Records from a data collection
=== Section Start ===
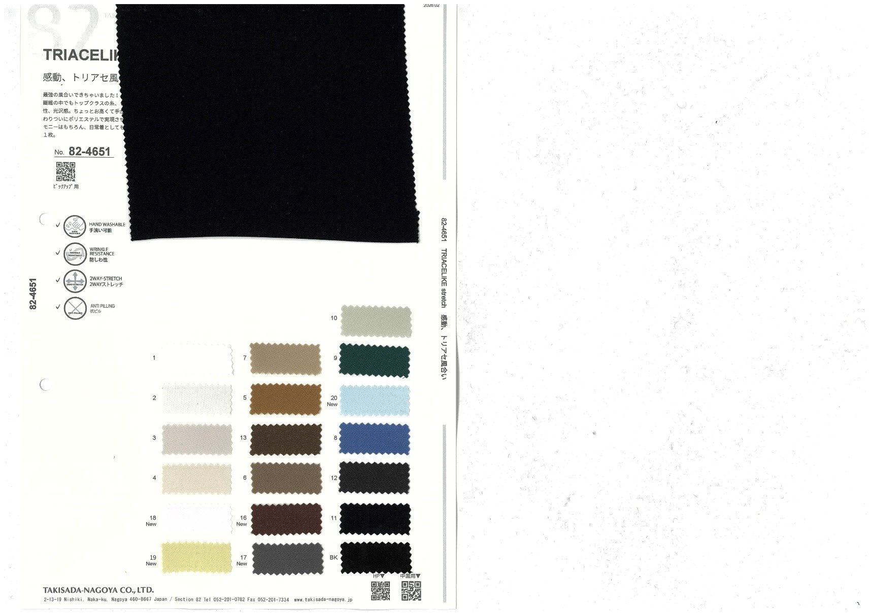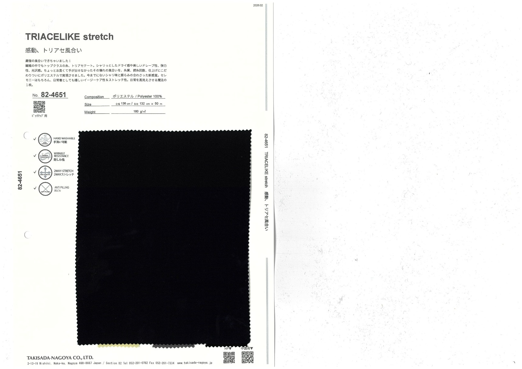 ACELIKE stretch 添加到收藏夹中 82-4651 面料、混率 Polyester 100% 规格、尺寸 132cm x 50m 预定停产商品 2026.02 放大的图像 色彩多样的放大图像 可持续的 回收 动物保护 可手洗 保温性能 接触冷感 吸汗速干 抗紫外线 抗皱 四门弹 防透光 抗沷水 日本产 意大利产 防风 抗菌防臭 抗病毒 吸湿发热 抗静电 除臭 抗起球 高弹性 吸光发热
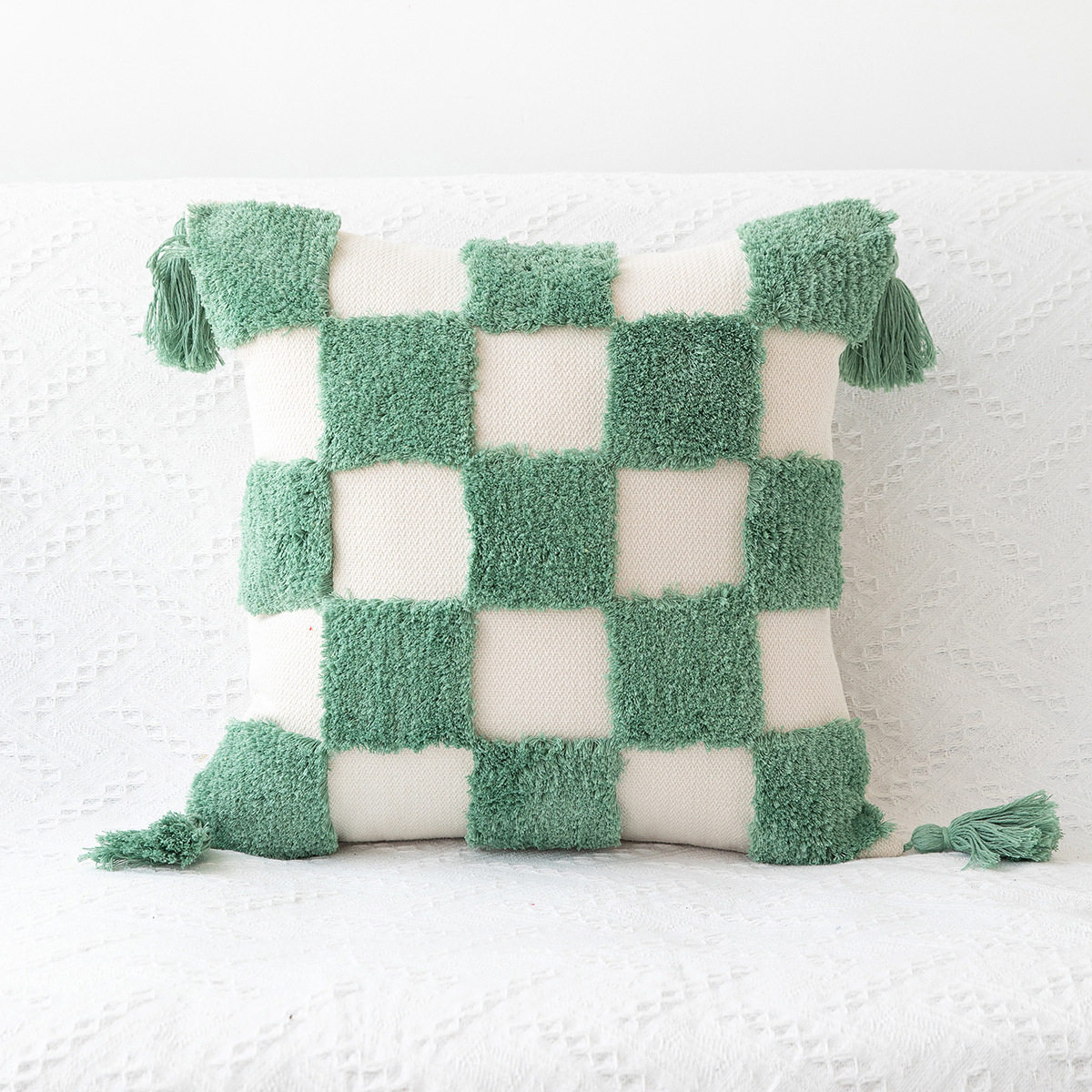 沙发抱枕簇绒彩红抱枕套印度手工编织工艺抱枕家居沙发靠垫可拆卸
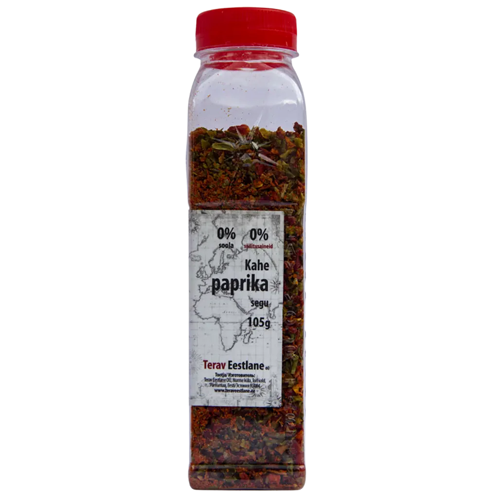 Kahden paprikan sekoitus vihreä ja punainen paprika, Terav Eestlane Kahden paprikan sekoitus on myös mausteseoksissa Supisegu on sekoitettu 50%-50% paprikat, sopii naudan-, linnun-, sian-, lampaanlihaan, keitot, munaruoat, juustot, salaatit, pataruoat. Paprika punainen synonyymit ovat: makeapippuri eli maustepaprika, espanjan paprika, unkarin paprika, indian paprika, turkinpippuri, eli eli tabascopippuri vihannespaprika, punainen paprika. Käyttö viljat siementen kanssa – kuivatettuna tai jauhettuna.
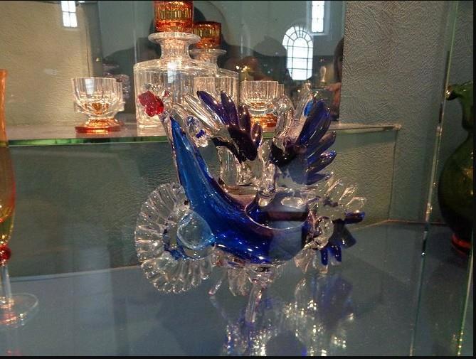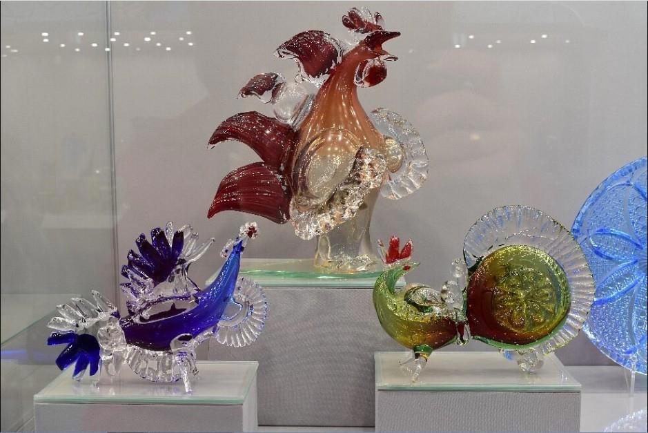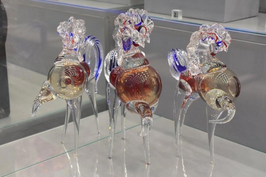 Яркий акцент в коллекции Музея хрусталя во Владимире — был так же сделан на скульптурах из стекла, выполненных в гутной технике. К ним относились сказочные птицы, драконы и кони.
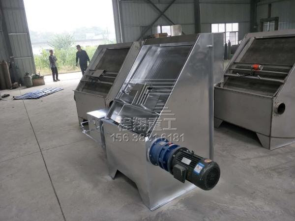 堆肥處理的原料是固體糞便。固體糞便的來源為干清糞和通過固液分離方法從“水泡糞”中分離出的固體物。要實(shí)現(xiàn)固液分離,應(yīng)用最廣泛、分離效果最好的是機(jī)械分離。機(jī)械分離設(shè)備可分為篩分分離、離心分離、壓濾分離和螺旋擠壓分離4種類型。篩分分離機(jī)械:用于畜禽糞便分離的篩分機(jī)械主要有斜板篩和振動篩。篩條截面形狀為楔形的斜板篩,用于糞便分離具有結(jié)構(gòu)簡單、不堵塞等特點(diǎn)。但固體物質(zhì)去除率較低,一般小于25%。
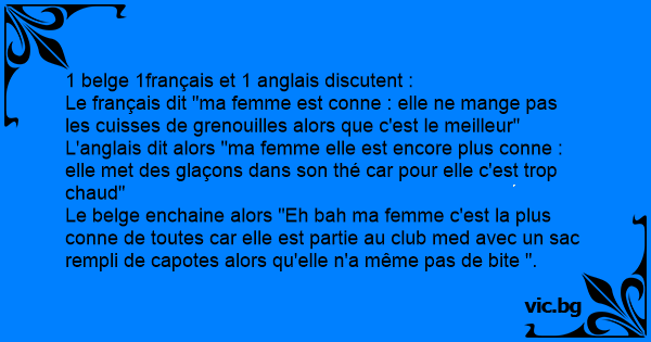 Le belge enchaine alors "Eh bah ma femme c'est la plus conne de toutes car elle est partie au club med avec un sac rempli de capotes alors qu'elle n'a même pas de bite ".
=== Section End ===
[WORK REQUIRED]
Only an exact copy of the lines from the top of the entries through the line with "沙发抱枕簇绒彩红抱枕套印度手工编织工艺抱枕家居沙发靠垫可拆卸", both included, should be given, with all pictures omitted.

[WRITTEN ANSWER]
 ACELIKE stretch 添加到收藏夹中 82-4651 面料、混率 Polyester 100% 规格、尺寸 132cm x 50m 预定停产商品 2026.02 放大的图像 色彩多样的放大图像 可持续的 回收 动物保护 可手洗 保温性能 接触冷感 吸汗速干 抗紫外线 抗皱 四门弹 防透光 抗沷水 日本产 意大利产 防风 抗菌防臭 抗病毒 吸湿发热 抗静电 除臭 抗起球 高弹性 吸光发热
 沙发抱枕簇绒彩红抱枕套印度手工编织工艺抱枕家居沙发靠垫可拆卸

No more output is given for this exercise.